▸ Brief
Transcribe all of the data verbatim, please, and leave out its pictures.
|---|
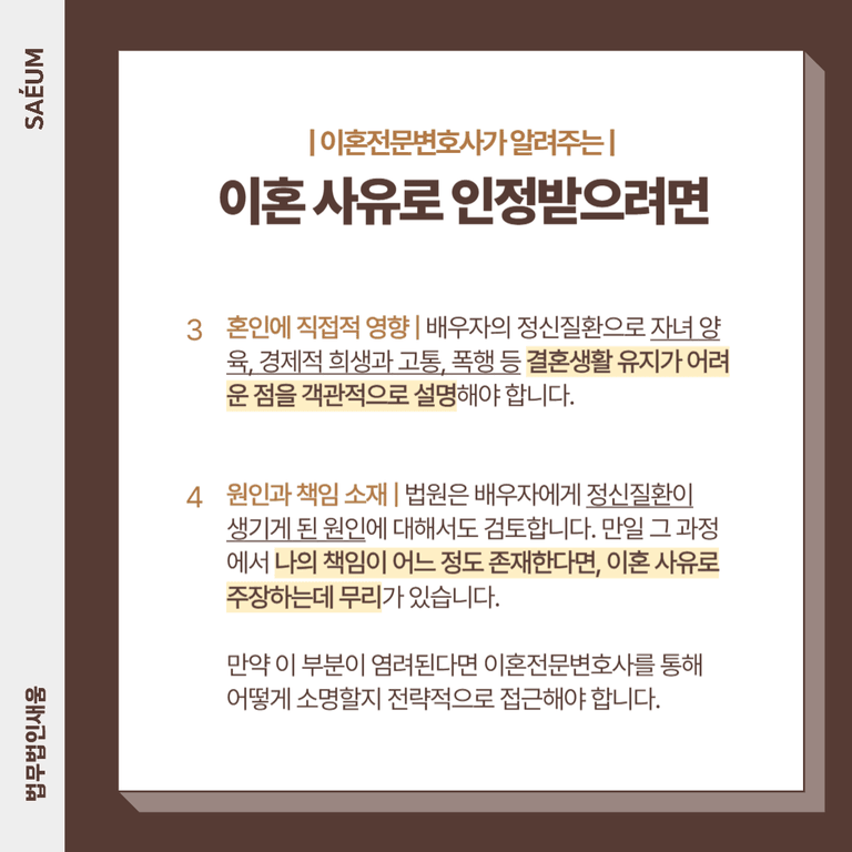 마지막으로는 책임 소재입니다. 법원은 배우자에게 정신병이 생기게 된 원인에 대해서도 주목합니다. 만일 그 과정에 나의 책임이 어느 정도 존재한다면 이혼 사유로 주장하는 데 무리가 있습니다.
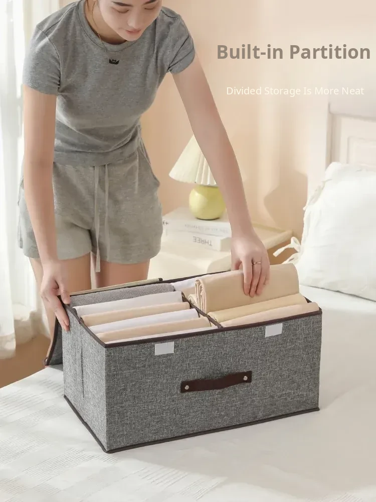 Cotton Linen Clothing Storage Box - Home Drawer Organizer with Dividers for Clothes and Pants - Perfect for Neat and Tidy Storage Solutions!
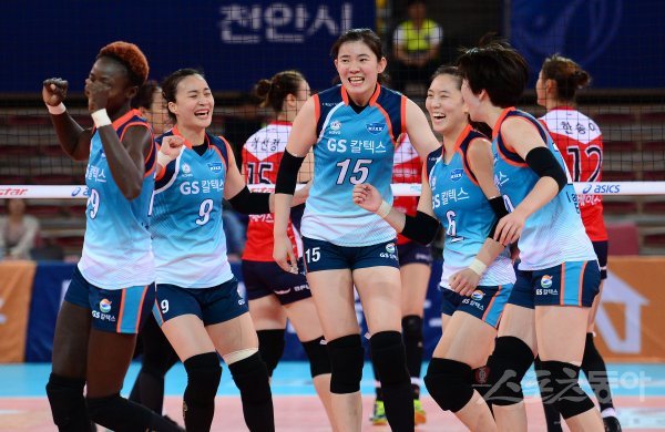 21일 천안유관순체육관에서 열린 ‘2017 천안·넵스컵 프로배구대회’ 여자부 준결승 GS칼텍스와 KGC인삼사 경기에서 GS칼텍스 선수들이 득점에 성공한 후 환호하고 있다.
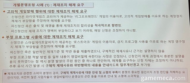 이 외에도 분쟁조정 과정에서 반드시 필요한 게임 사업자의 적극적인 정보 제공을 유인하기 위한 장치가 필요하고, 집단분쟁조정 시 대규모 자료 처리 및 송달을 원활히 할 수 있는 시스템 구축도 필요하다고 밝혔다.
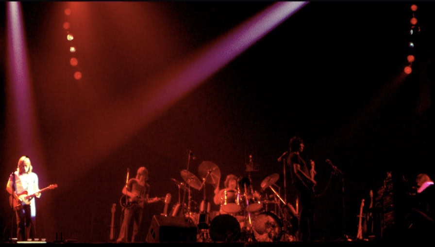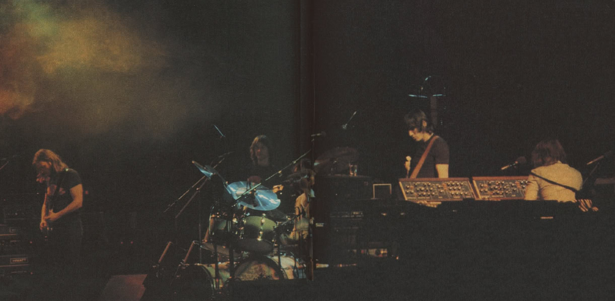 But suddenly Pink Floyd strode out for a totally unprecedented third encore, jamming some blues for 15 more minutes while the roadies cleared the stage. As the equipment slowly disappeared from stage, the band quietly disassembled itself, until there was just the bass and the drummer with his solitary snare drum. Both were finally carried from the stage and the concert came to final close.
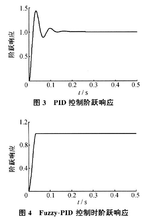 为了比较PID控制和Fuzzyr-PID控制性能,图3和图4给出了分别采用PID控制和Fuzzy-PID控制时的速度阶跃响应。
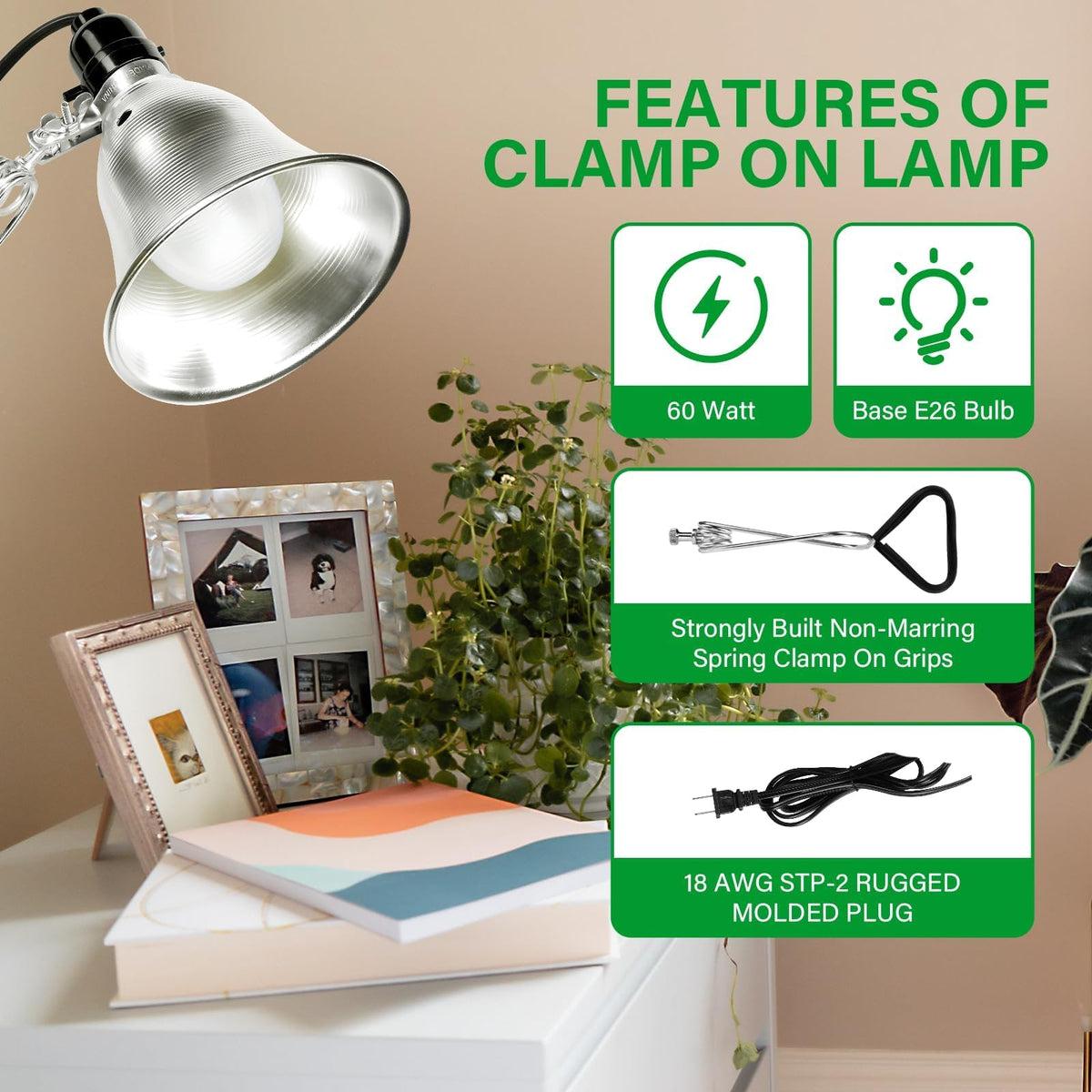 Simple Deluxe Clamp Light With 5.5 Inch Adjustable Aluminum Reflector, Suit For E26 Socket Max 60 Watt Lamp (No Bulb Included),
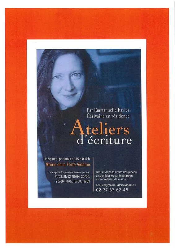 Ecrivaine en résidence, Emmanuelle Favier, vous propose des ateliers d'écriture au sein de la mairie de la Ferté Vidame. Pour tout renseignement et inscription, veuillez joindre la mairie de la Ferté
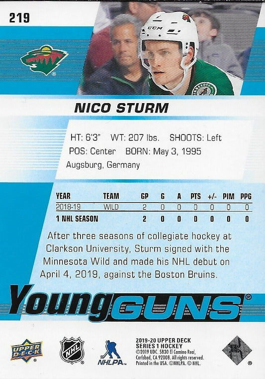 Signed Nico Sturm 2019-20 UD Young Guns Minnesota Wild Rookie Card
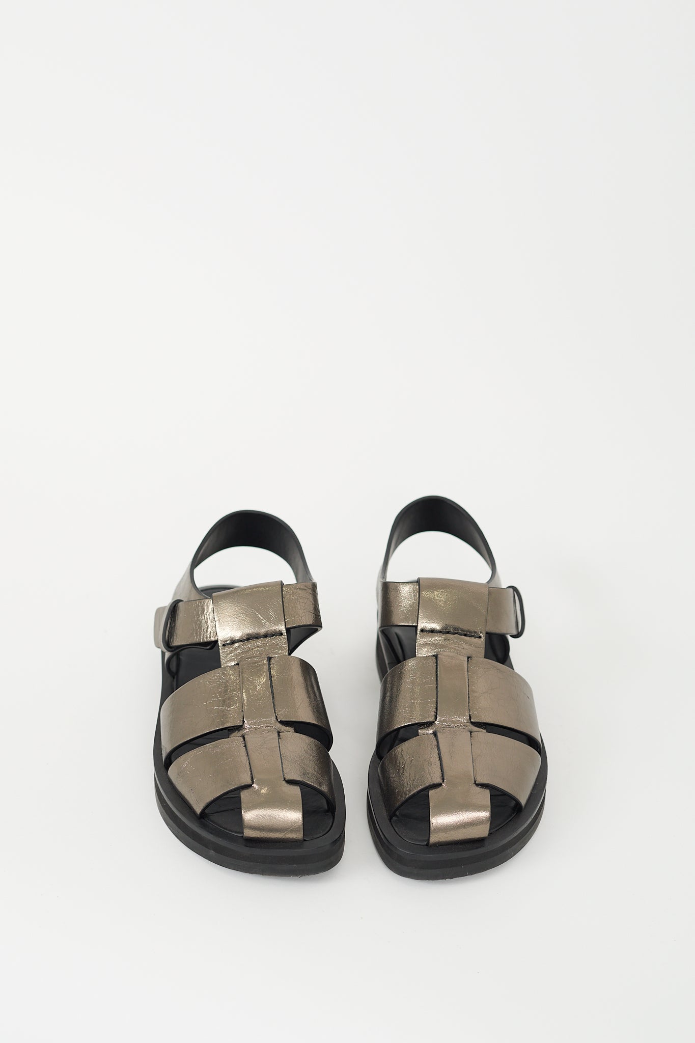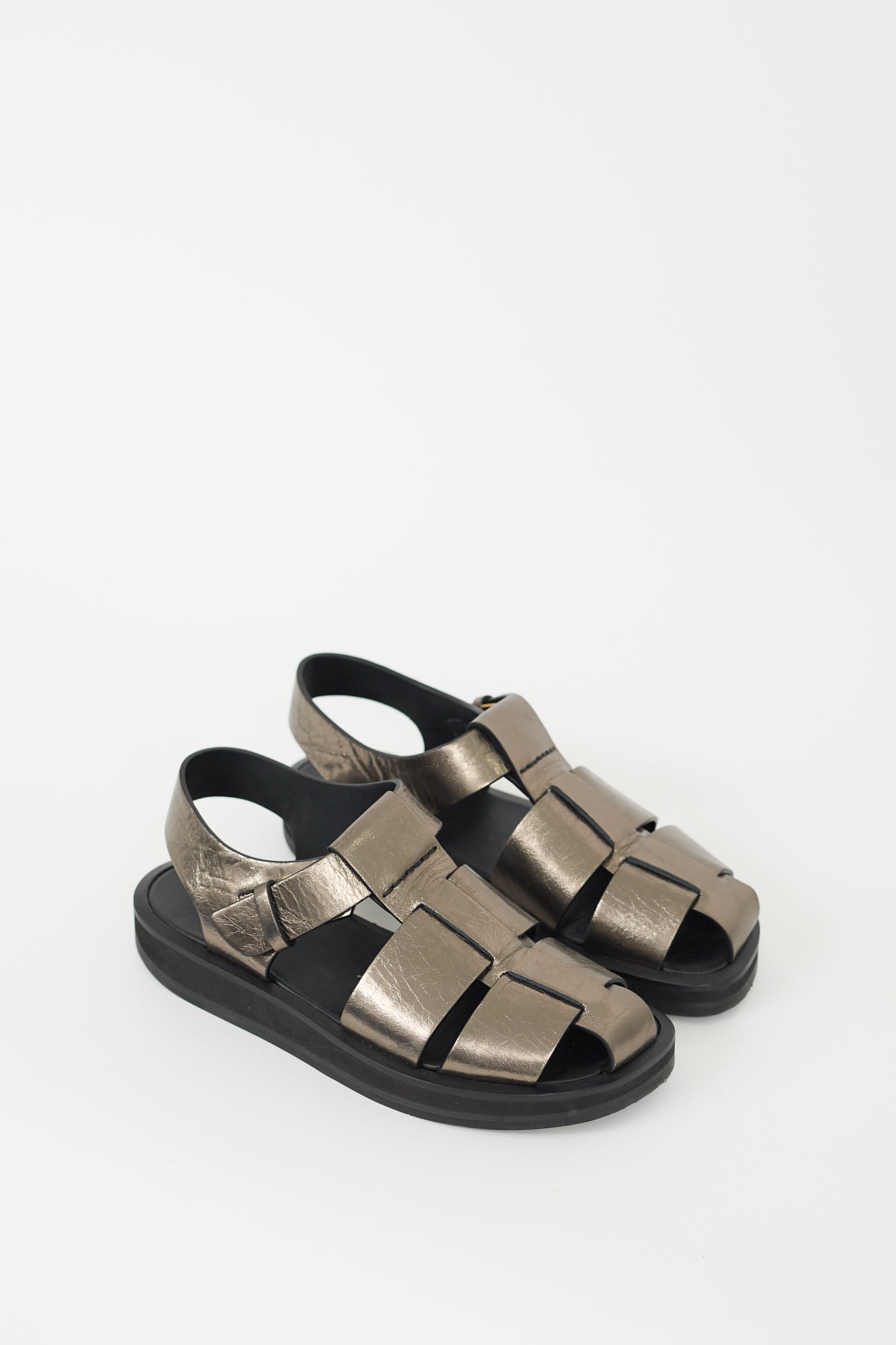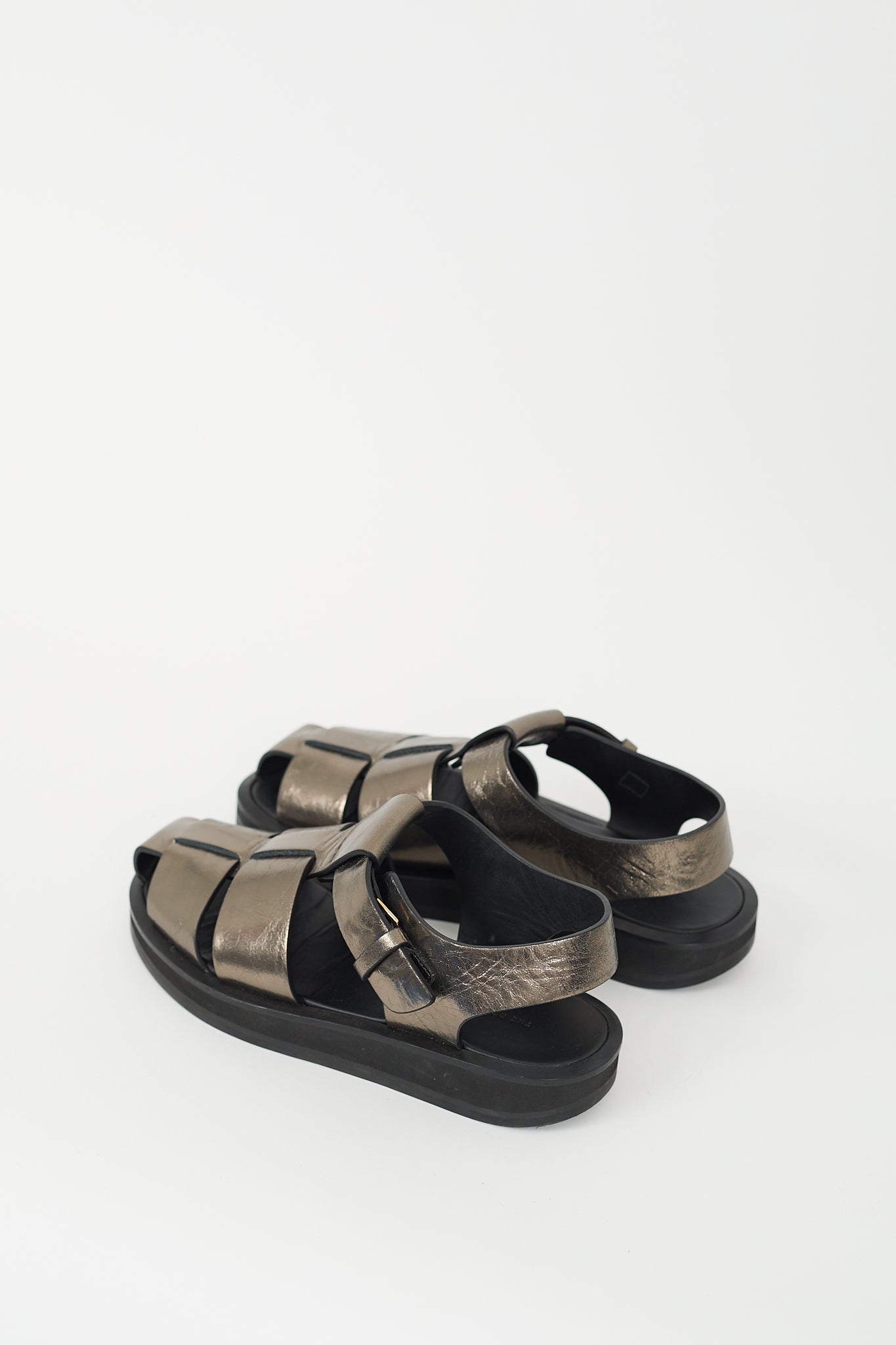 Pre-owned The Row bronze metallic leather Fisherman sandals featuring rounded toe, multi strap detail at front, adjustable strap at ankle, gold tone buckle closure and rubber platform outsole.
|---|
▸ Finished exercise
 마지막으로는 책임 소재입니다. 법원은 배우자에게 정신병이 생기게 된 원인에 대해서도 주목합니다. 만일 그 과정에 나의 책임이 어느 정도 존재한다면 이혼 사유로 주장하는 데 무리가 있습니다.
 Cotton Linen Clothing Storage Box - Home Drawer Organizer with Dividers for Clothes and Pants - Perfect for Neat and Tidy Storage Solutions!
 21일 천안유관순체육관에서 열린 ‘2017 천안·넵스컵 프로배구대회’ 여자부 준결승 GS칼텍스와 KGC인삼사 경기에서 GS칼텍스 선수들이 득점에 성공한 후 환호하고 있다.
 이 외에도 분쟁조정 과정에서 반드시 필요한 게임 사업자의 적극적인 정보 제공을 유인하기 위한 장치가 필요하고, 집단분쟁조정 시 대규모 자료 처리 및 송달을 원활히 할 수 있는 시스템 구축도 필요하다고 밝혔다.
 But suddenly Pink Floyd strode out for a totally unprecedented third encore, jamming some blues for 15 more minutes while the roadies cleared the stage. As the equipment slowly disappeared from stage, the band quietly disassembled itself, until there was just the bass and the drummer with his solitary snare drum. Both were finally carried from the stage and the concert came to final close.
 为了比较PID控制和Fuzzyr-PID控制性能,图3和图4给出了分别采用PID控制和Fuzzy-PID控制时的速度阶跃响应。
 Simple Deluxe Clamp Light With 5.5 Inch Adjustable Aluminum Reflector, Suit For E26 Socket Max 60 Watt Lamp (No Bulb Included),
 Ecrivaine en résidence, Emmanuelle Favier, vous propose des ateliers d'écriture au sein de la mairie de la Ferté Vidame. Pour tout renseignement et inscription, veuillez joindre la mairie de la Ferté
 Signed Nico Sturm 2019-20 UD Young Guns Minnesota Wild Rookie Card
 Pre-owned The Row bronze metallic leather Fisherman sandals featuring rounded toe, multi strap detail at front, adjustable strap at ankle, gold tone buckle closure and rubber platform outsole.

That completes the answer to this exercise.